**Available data**

━━━━━━━━━━

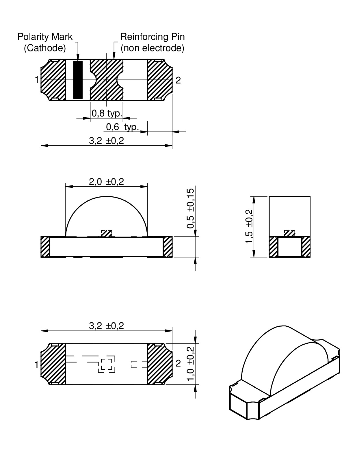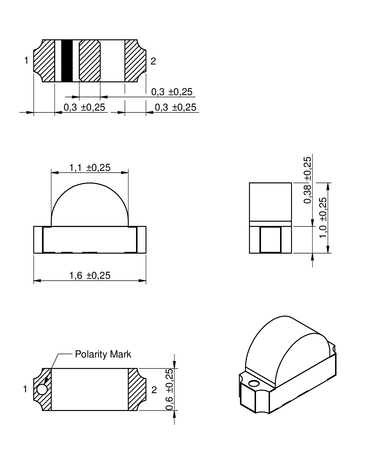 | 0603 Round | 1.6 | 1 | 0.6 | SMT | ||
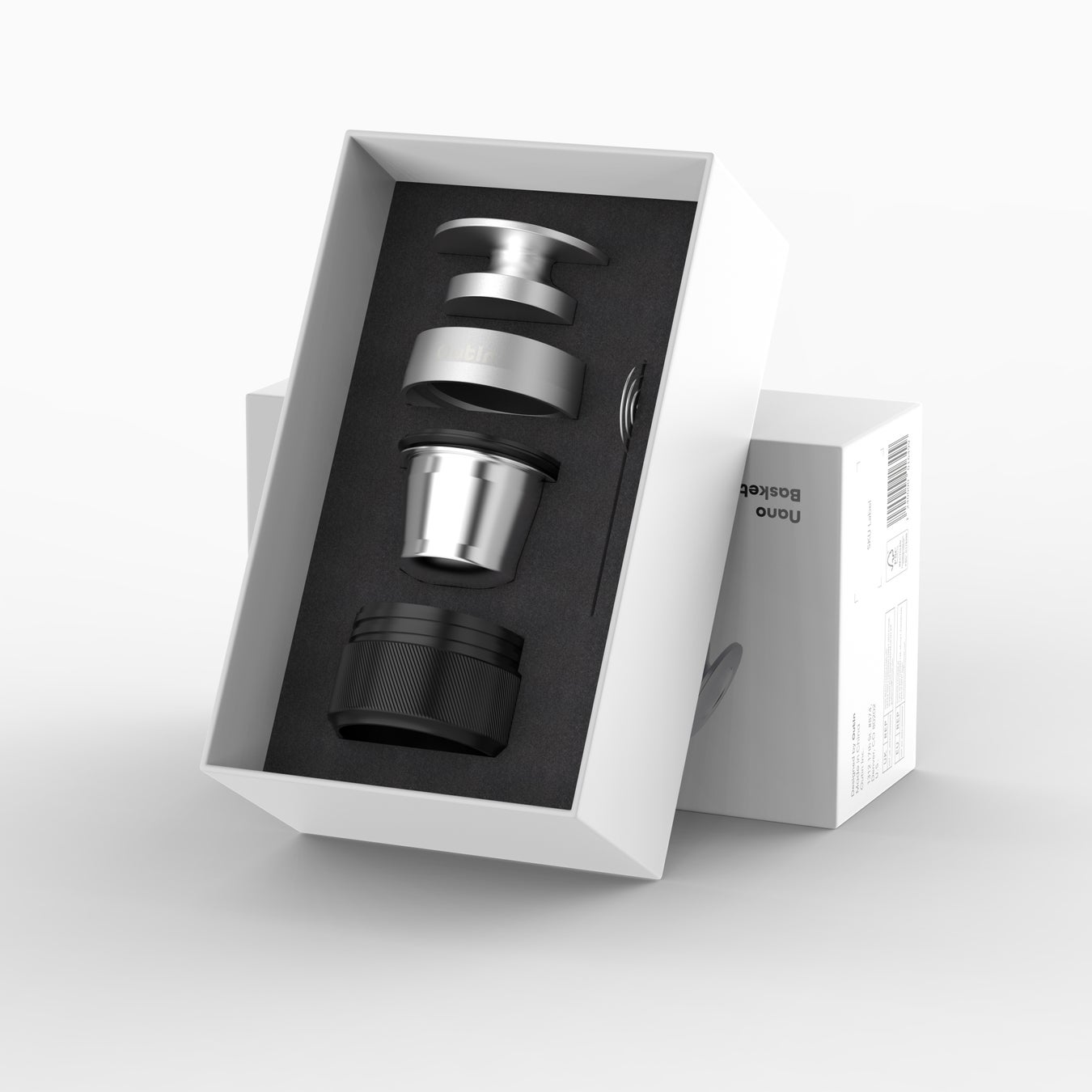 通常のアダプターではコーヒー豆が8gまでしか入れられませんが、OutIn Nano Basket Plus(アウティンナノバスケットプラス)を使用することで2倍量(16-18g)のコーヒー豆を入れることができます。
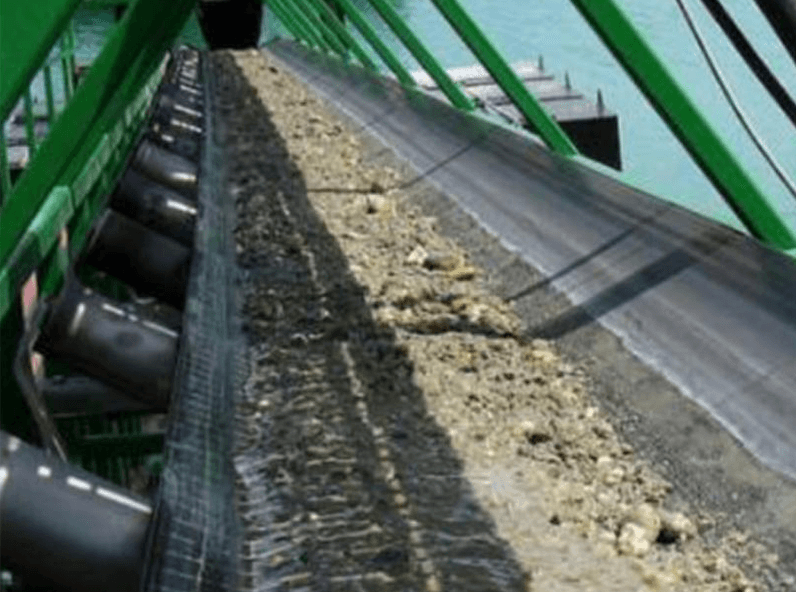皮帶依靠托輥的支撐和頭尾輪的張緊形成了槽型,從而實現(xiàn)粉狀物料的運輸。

━━━━━━━━━━

**What the task asks**
Keep the pictures out while you retype all of the data above exactly as it appears.

**Exercise response**
 | 0603 Round | 1.6 | 1 | 0.6 | SMT | ||
 通常のアダプターではコーヒー豆が8gまでしか入れられませんが、OutIn Nano Basket Plus(アウティンナノバスケットプラス)を使用することで2倍量(16-18g)のコーヒー豆を入れることができます。
皮帶依靠托輥的支撐和頭尾輪的張緊形成了槽型,從而實現(xiàn)粉狀物料的運輸。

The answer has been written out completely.